Managing divertor plasmas is crucial for operating reactor scale tokamak devices due to heat and particle flux constraints on the divertor target. Simulation is an important tool to understand and control these plasmas, however, for real-time applications or exhaustive parameter scans only simple approximations are currently fast enough. We address this lack of fast simulators using neural PDE surrogates, data-driven neural network-based surrogate models trained using solutions generated with a classical numerical method. The surrogate approximates a time-stepping operator that evolves the full spatial solution of a reference physics-based model over time. We use DIV1D, a 1D dynamic model of the divertor plasma, as reference model to generate data. DIV1D's domain covers a 1D heat flux tube from the X-point (upstream) to the target. We simulate a realistic TCV divertor plasma with dynamics induced by upstream density ramps and provide an exploratory outlook towards fast transients. State-of-the-art neural PDE surrogates are evaluated in a common framework and extended for properties of the DIV1D data. We evaluate (1) the speed-accuracy trade-off; (2) recreating non-linear behavior; (3) data efficiency; and (4) parameter inter- and extrapolation. Once trained, neural PDE surrogates can faithfully approximate DIV1D's divertor plasma dynamics at sub real-time computation speeds: In the proposed configuration, 2ms of plasma dynamics can be computed in $\approx$0.63ms of wall-clock time, several orders of magnitude faster than DIV1D.

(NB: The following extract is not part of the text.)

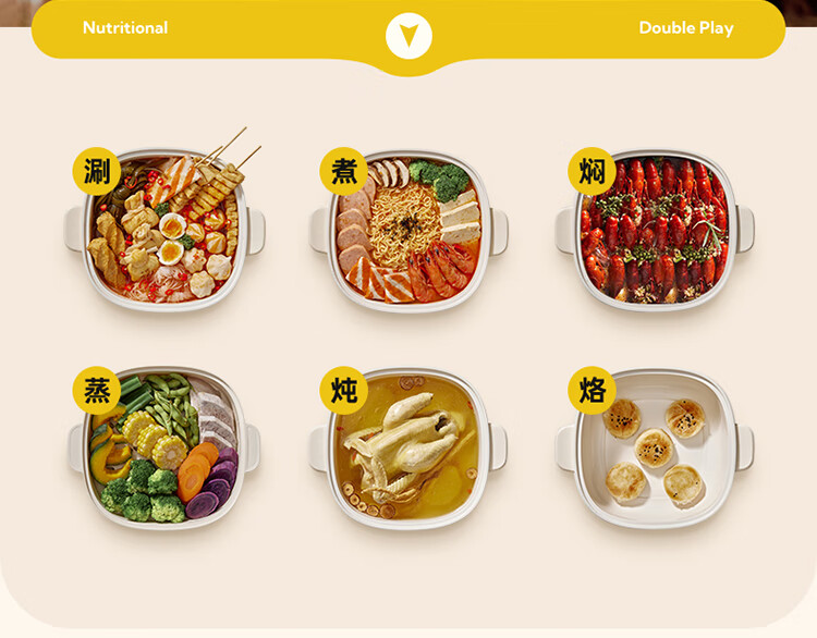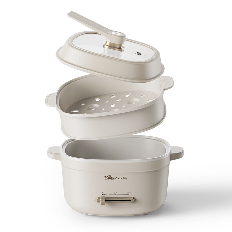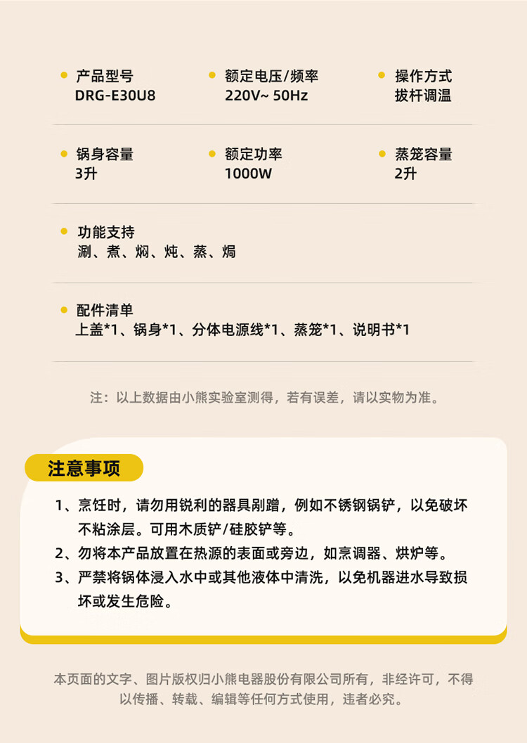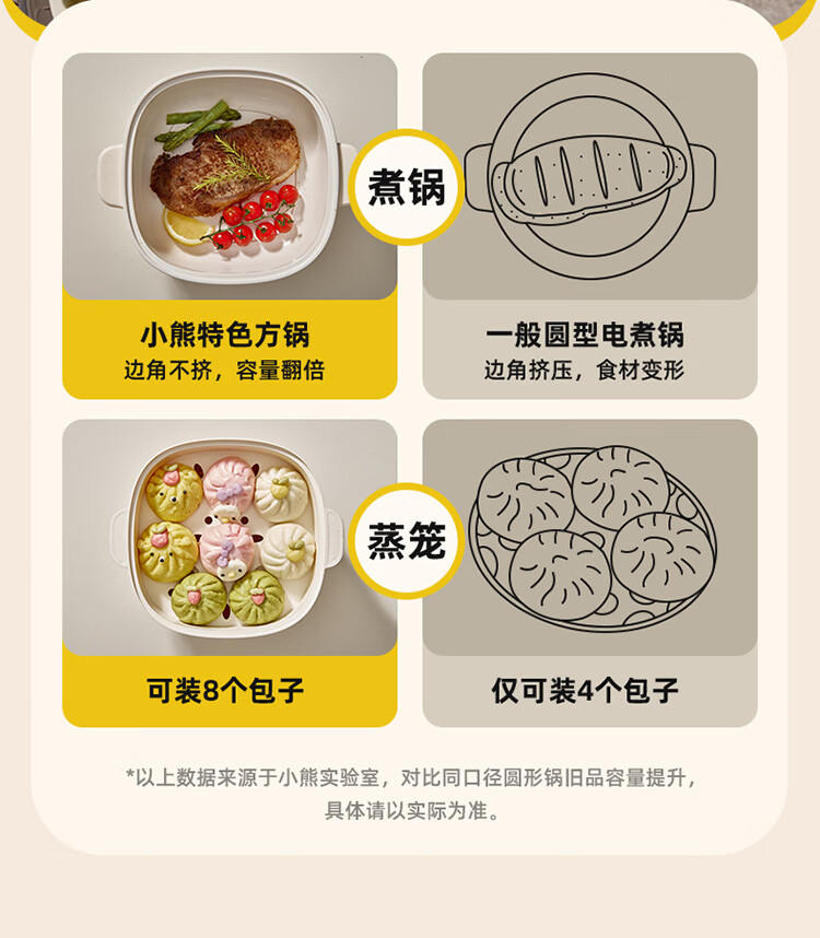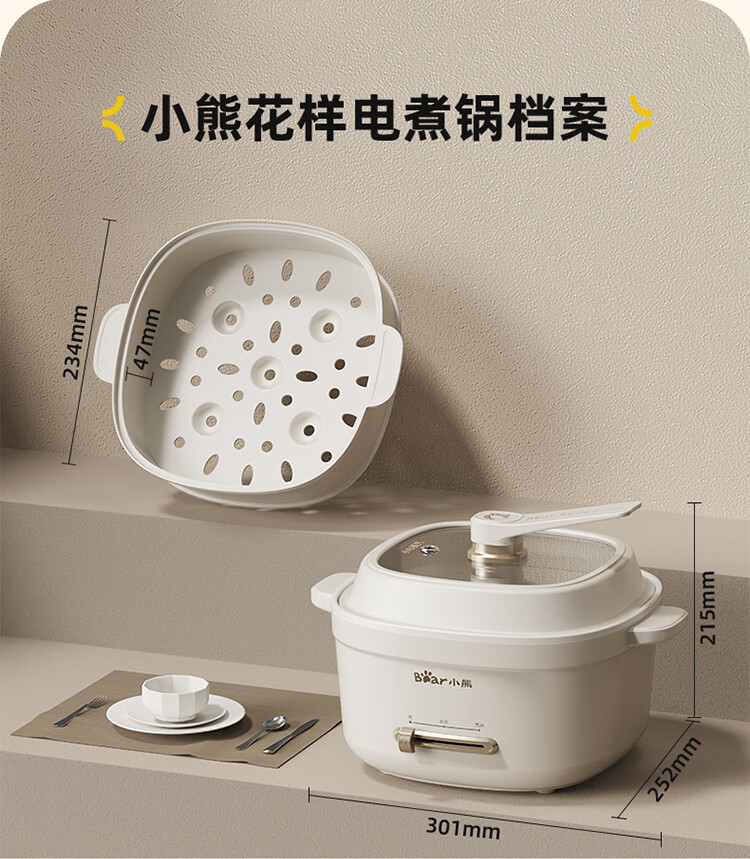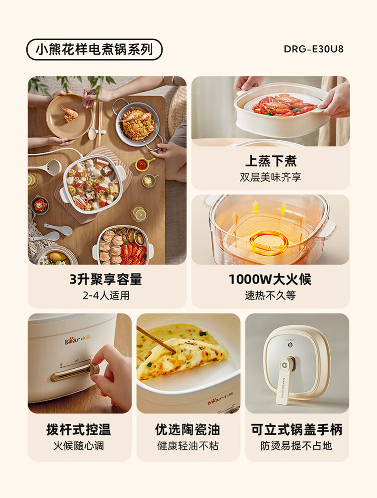 容量 3L 额定功率 1000W 产品重量 2.09kg 包装尺寸 306*306*264mm 3L容量,方盒大空间 拓展边角 广纳多滋味 机械式操控,省时上蒸下煮 1000W猛火速沸,快速均匀导热,速煮不久等

翻译：管理偏滤器等离子体对于运行反应堆规模托卡马克装置至关重要，这源于偏滤器靶板上的热流和粒子通量限制。模拟是理解和控制这些等离子体的重要工具，然而，对于实时应用或参数全面扫描，目前只有简单的近似方法能够达到足够快的速度。我们通过神经PDE替代模型（基于数据驱动的神经网络替代模型，利用经典数值方法生成的解进行训练）来解决缺乏快速模拟器的问题。该替代模型近似于一个时间步进算子，该算子能够随时间演化参考物理模型的全空间解。我们使用DIV1D（一种偏滤器等离子体的一维动态模型）作为参考模型来生成数据。DIV1D的计算域覆盖从X点（上游）到靶板的单维热通量管。我们模拟了一个由上游密度斜坡驱动的实际TCV偏滤器等离子体动力学过程，并提供了针对快速瞬态现象的探索性展望。最先进的神经PDE替代模型在统一框架下进行评估，并针对DIV1D数据的特性进行了扩展。我们评估了：（1）速度与精度的权衡；（2）非线性行为的复现能力；（3）数据效率；以及（4）参数的插值与外推能力。一旦训练完成，神经PDE替代模型能够在亚实时计算速度下忠实近似DIV1D的偏滤器等离子体动力学：在建议配置中，计算2毫秒的等离子体动力学过程仅需约0.63毫秒的挂钟时间，比DIV1D快数个数量级。